The Shorter, Faster, Cruder, Tinier TV Show

By RANDY KENNEDY The New York Times

One morning earlier this spring, Dave Sirulnick and a group of fellow MTV executives gathered in a 29th-floor conference room overlooking Times Square to observe a time-honored television ritual, one they'd performed dozens of times. They were shaping a pilot, the hopeful chrysalis of a television show. Three months of hard work and soul searching had gone into this particular effort, so the assembled team waited to see its work in progress with no small amount of anticipation. In these kinds of meetings, someone usually pops the show into a DVD player and it materializes on a flat-screen television the size of a coffee table. But this time the six people in the room ambled over to Sirulnick, a slender man who was peering over a pair of rimless glasses at a small, black Samsung cellphone. "Do we all stand behind each other or what?" he asked, unsure of the protocol. As everyone circled around his chair like kids gawking at a science experiment, Sirulnick pressed a button on the phone, and the tiny screen in his palm flickered to life.

What appeared on it didn't feel much like a TV show as you and I have come to know it. Clocking in at just over three minutes, it seemed vaguely schematic, with lots of close-ups and static scenes. But Sirulnick watched it with the hope that what he was seeing - even through the pixel smears and buffering pauses of today's mobile-video technology -- was nothing less than the future of television.

A boyish-looking 41-year-old man wearing jeans and a green-and-purple-striped sweater, Sirulnick was in the room that morning because just a few months earlier MTV redrew its organizational chart and gave him a new job it considers extremely important, one with the unwieldy title of executive vice president for multiplatform production, news and music. Translated, it means that he is the guy responsible for figuring out how his network - one of the most recognizable in the world, with annual ad revenue of more than a billion dollars -- will continue to thrive creatively, and thus financially, in a world where television's center of gravity seems to be rapidly shifting, away from immobile TV sets and toward roving screens: laptops, P.D.A.'s, iPods, game players and, most important, cellphones.

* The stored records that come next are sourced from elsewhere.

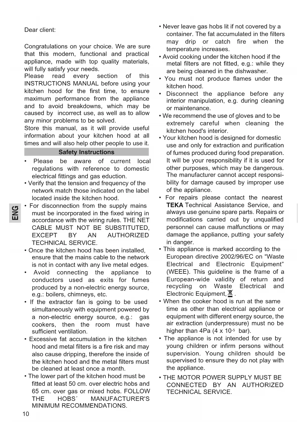 USER MANUAL DH 120 Isla TEKA
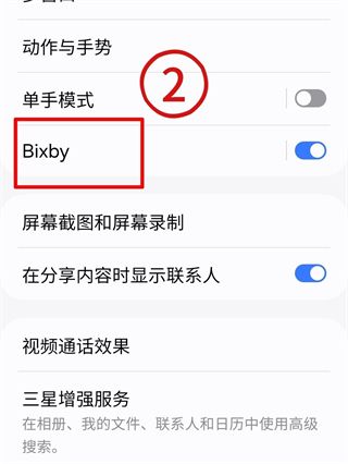 在「高级功能」页面找到并启用「Bixby」选项,接着你可以设置唤醒方式,准备好体验语音助手的便捷操作。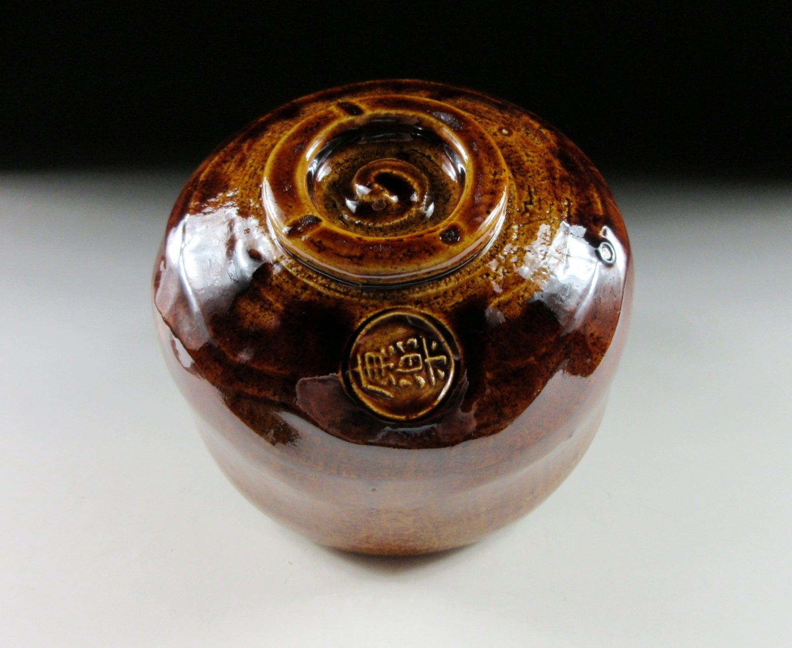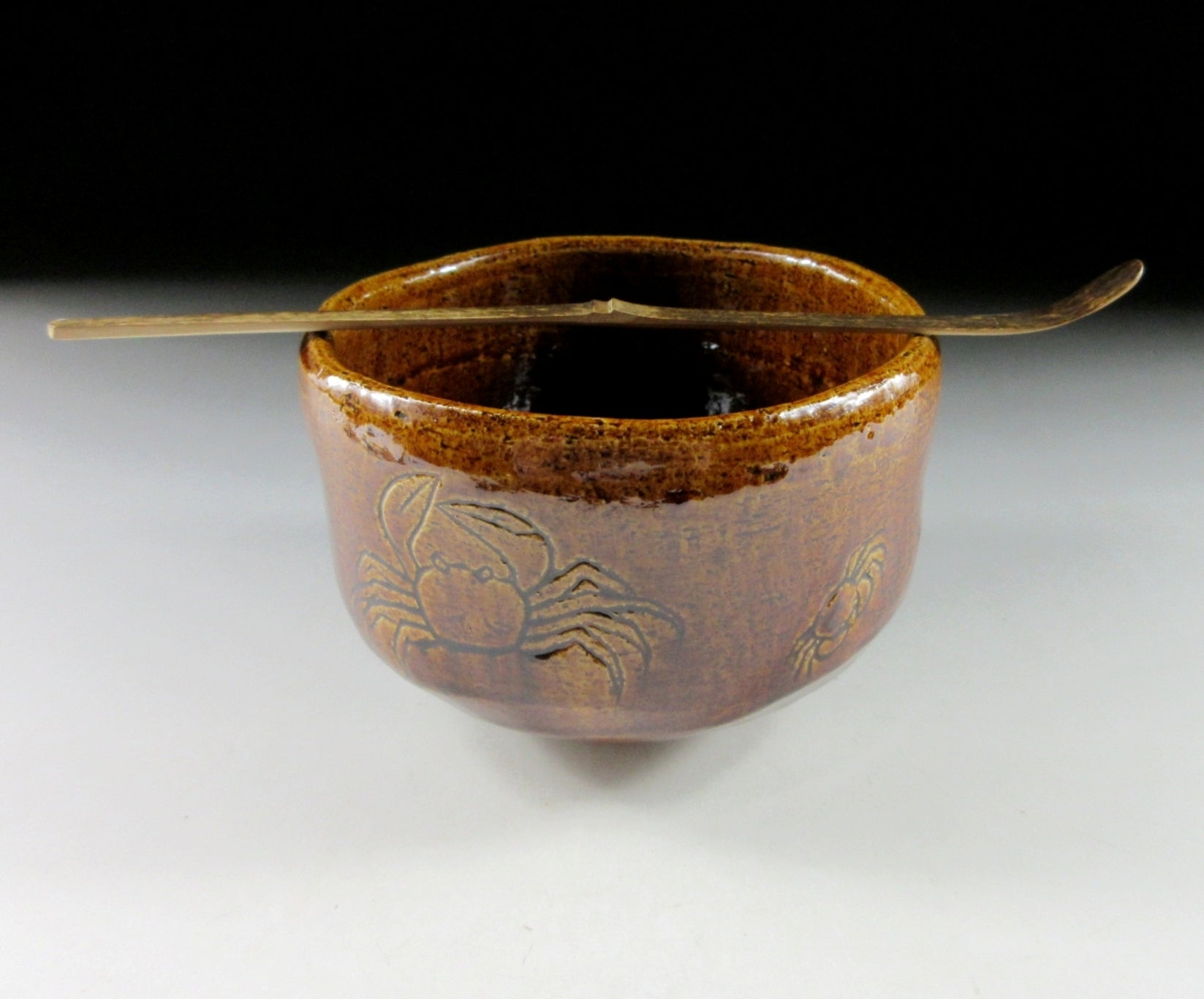 This listing is for a vintage Ohi-ware chawan made by Ohi Koraku. It is hand-turned and coated in ame-yu caramel coloured glaze, and the front is decorated with a pair of crabs. According to Japanese folklore crabs are believed to embody the souls of fallen samurai, and they’re a symbol of power and strength. This is a wonderful piece for year round use, the glossiness of the glazed interior compliments the bright green colour of matcha perfectly. The stamp of the potter can be found on the bottom, very sorry but there’s no box for this one. *PLEASE NOTE THAT THE CHASHAKU TEA SCOOP IS NOT INCLUDED.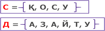 әріптердің жиындары. С және D жиынында неше элемент бар екенін анықтайды. С мен D жиындарының қиылысуы нәтижесінде шыққан жиында неше элемент болатынын табады.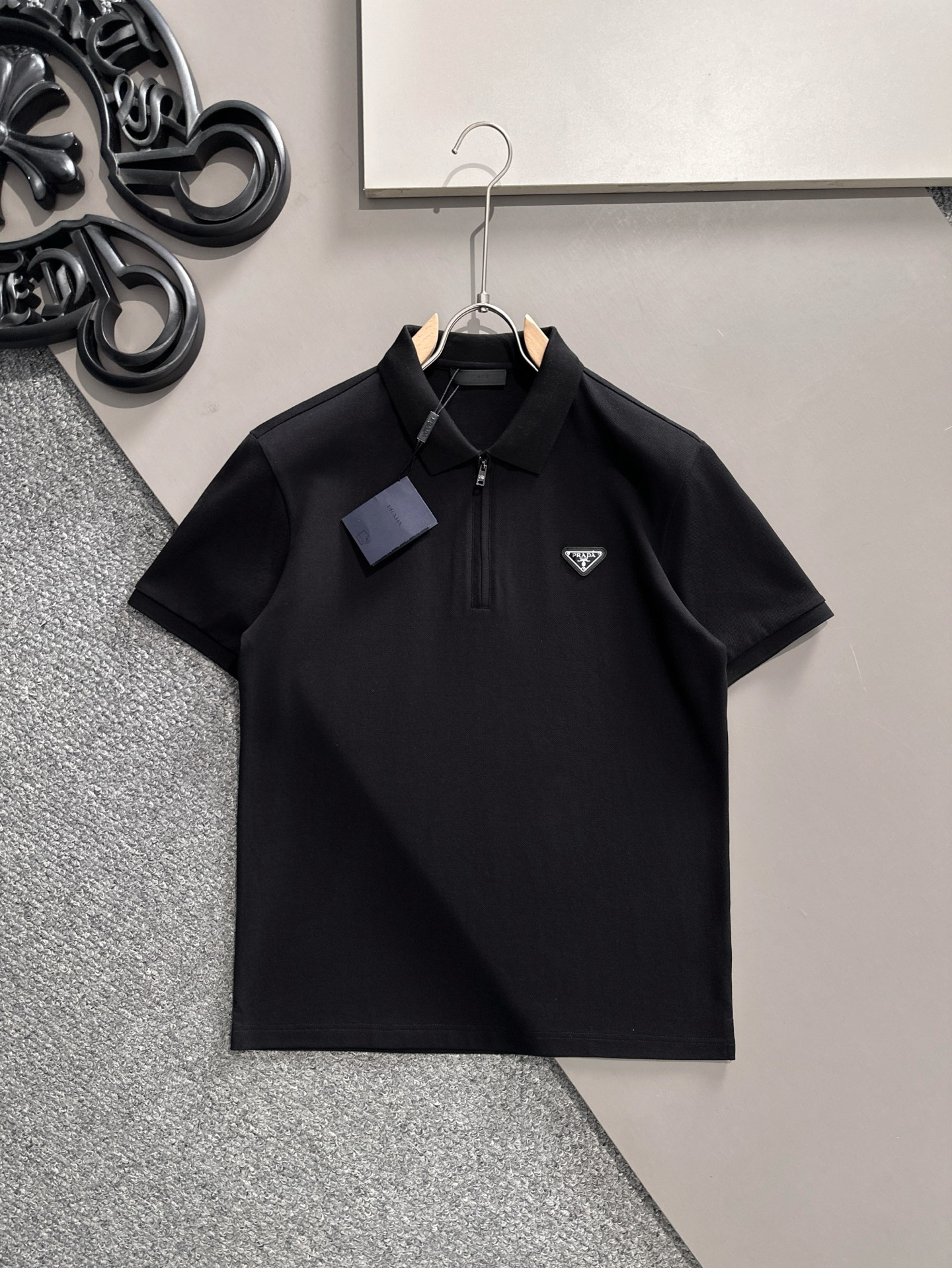 这款衣服是AAAAA 1:1 质量 (非常棒). 使用了和原版一模一样的材料. 商标部分也保持了和普拉达/Prada一样. 图片拍摄是实物衣服拍摄, 您所收到的实物保证和我们图片一模一样.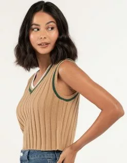 RSQ Preppy Tipping V Neck Vest. Wide ribbed detail with stripes at neckline & arm openings. Sleeveless . Raw hem. 60% Cotton 40% Acrylic. Machine wash. Imported.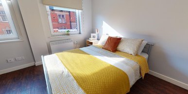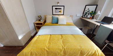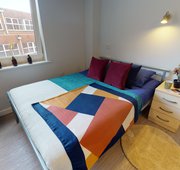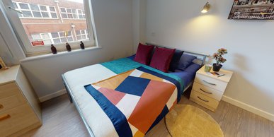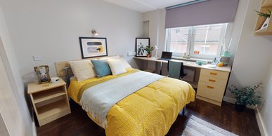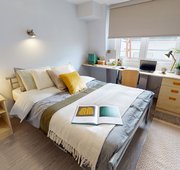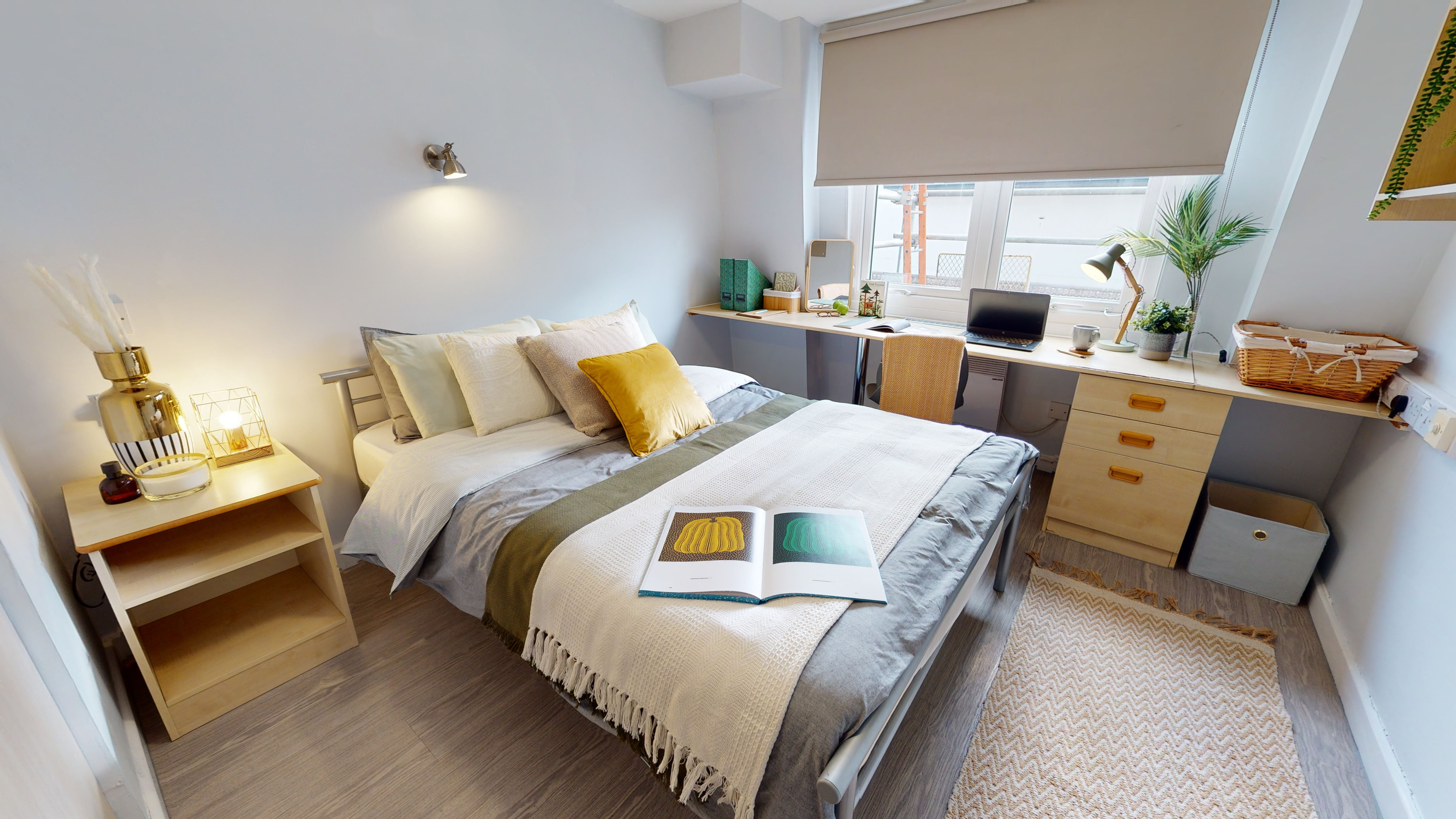 GROS200-031125Great value for money, our Silver En Suite rooms offer all the necessary features for a great student lifestyle Fresh, bright and modern taste the Silver en-suites comes with a small double bed, private bathroom, study desk and chair and storage in shelves, drawers and a wardrobe, these rooms are perfectly formed. You’ll be sharing a spacious kitchen and living area with up to five others, and the building provides great additional facilities with a pool table, onsite laundry and courtyard completing your student living experience.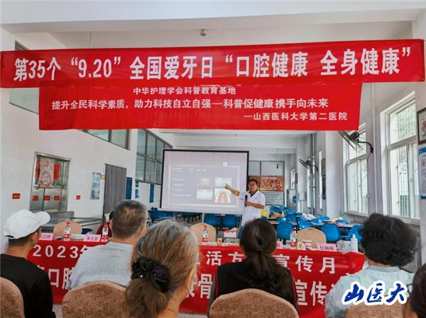 9月20日下午,我校第二醫(yī)院口腔科和預(yù)防保健科為中國電子科技集團(tuán)公司33所的離退休老年群眾進(jìn)行了以“老年口腔健康保健”為主題的科普義診活動。口腔科馬宇鋒主任、李文晉副主任、張曉麗護(hù)士長及任婉峰副主任醫(yī)師和邢立婷主治醫(yī)師等10名醫(yī)護(hù)人員參加了活動。今年是第35個(gè)“全國愛牙日”,今年愛牙日的主題是“口腔健康,全身健康”,副主題是 “關(guān)愛老年口腔,樂享健康生活”。此次活動積極響應(yīng)了《健康中國行動(2019—2030年)》《健康口腔行動方案(2019—2025年)》指導(dǎo)方針和政策,以全面提升老年群眾口腔健康素養(yǎng)。
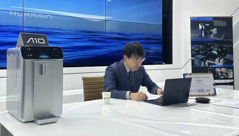 林腾宇在此次1A平行会议“清洁饮水和卫生设施-可持续发展目标”上作为首位发言人演讲,题为“如何利用创业和技术来确保更好的水、环境卫生和个人卫生(WASH)的获取,以支持基本人权的实现”,向全世界展示创新的空气集水技术如何解决20亿人的净饮水短缺问题。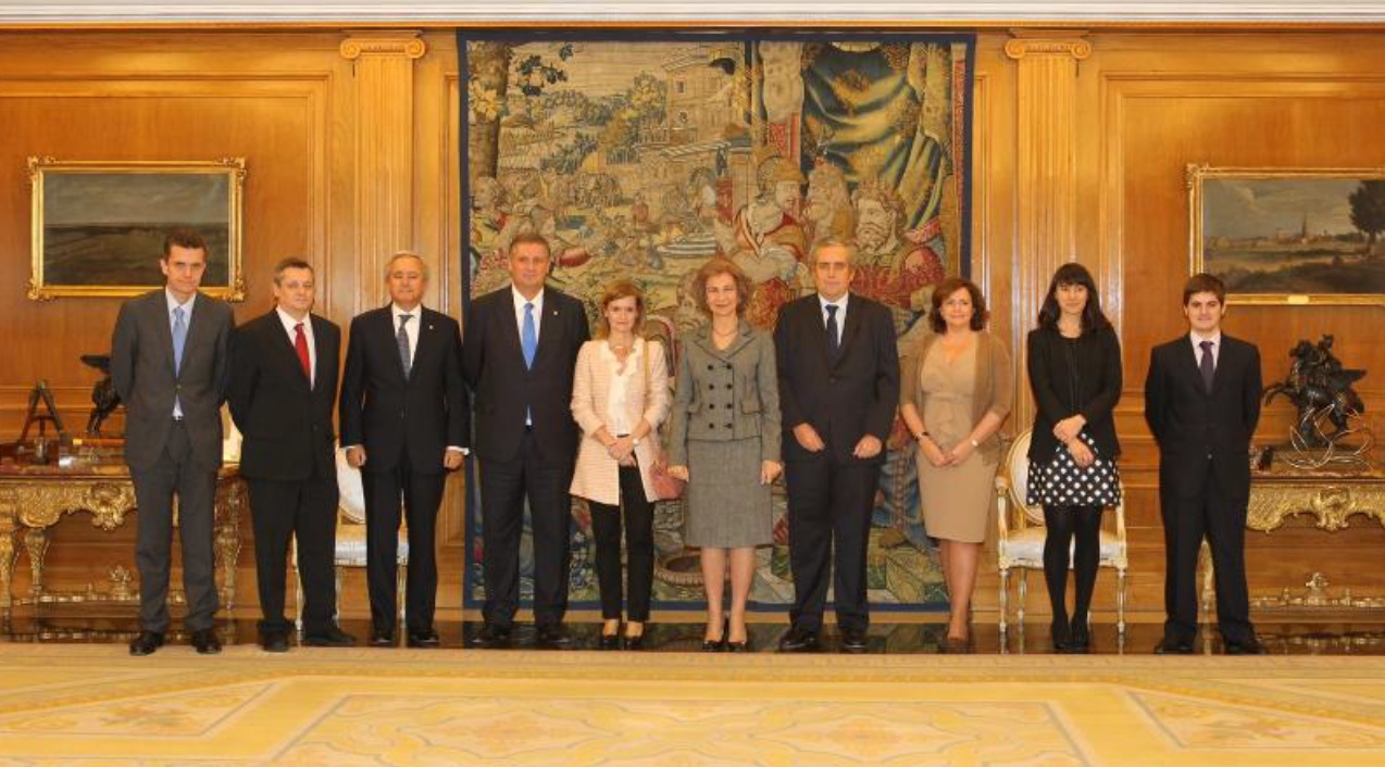 On March 12, 2013, Her Majesty Queen Sofia of Spain held at audience with representatives from the Laboratorios Normon at Palacio de la Zarzuela in Madrid.

The shift is not simply changing the way the medium looks and feels. Even now, in its infancy, mobile video is starting to make the very definition of television, as a place where people watch "shows" on "channels," sound pleasantly anachronistic, like a description from an old issue of Popular Mechanics. It may also be creating a new way to make a whole lot of money: one model projects that the worldwide market for mobile television will be $27 billion by

2010.

By the most optimistic counts, there are only about 3 million people out of the almost 200 million cellphone users in the United States who now watch video on their phones. Other analysts say the number of those who watch regularly is much lower, which leads them to ask whether people really want another version of television, one they can literally take anywhere. Judging by what is happening in other parts of the world, where the mobile-television experiment is well under way, the more pertinent questions are: What are they going to want to watch? Will it be regular live television, redirected to their phones? Or typical television fare, edited and re-packaged to suit a screen smaller than a business card? It might end up being neither, but instead a new amalgam that feels little like traditional television and more like the increasingly video-dominated Web - like computer games, like the kind of shaggy user-generated video and mashed-up video clips that began as novelties for people killing time in their cubicles but are now on their way to becoming big business.

MTV's international channels have been providing cellphone entertainment, mostly repackaged TV clips, for almost a year. In fact, MTV claims to be the world's largest mobile-content provider. When the demand for cellular television materializes in the United States, people like Sirulnick say that it is likely to be most intense among the generation of young people that has never known a world without wireless, for whom a cellphone is not just a phone but an entertainment center, a dating service, a scrapbook, a virtual hangout and a fashion statement -- in other words, MTV's core viewers, the network's to keep or lose.

You could argue that of all the traditional television empires, MTV has a better-than-even shot at keeping them. It has had to reinvent itself constantly (some critics would say for the worse) to keep pace with its ever-young audience. And it popularized short-attention-span creations like music videos and created artful station breaks that at least seem likely to translate well in an on-the-fly wireless world.

But MTV is approaching its 25th birthday; in the cable world, it's what is known as a mature brand. And on the morning that Sirulnick and company fine-tuned their pilot, other veteran producers, screenwriters and television executives were hard at work all over New York and Los Angeles on their own cellphone projects. Maybe more worrisome than these conventional competitors were the countless Web companies, also cranking out cellphone content, led not by television experts but by hordes of 20-somethings all angling to become the Sumner Redstones of broadband and wireless, bypassing the TV industry altogether.

For television veterans, the advance of cellphone television makes for competing anxieties. They're worried that they may be moving far too slowly, but they're anxious, too, that they could be moving in the wrong direction. It's a feeling something like television's pioneers must have had, trying to create visual shows for a nation still huddled around the radio. But another, perhaps more apt, comparison is to the early years of the Internet, when so-called content providers pumped prodigious amounts of material and ideas onto the Web and hoped that the demand for it would follow. More often than not, it didn't.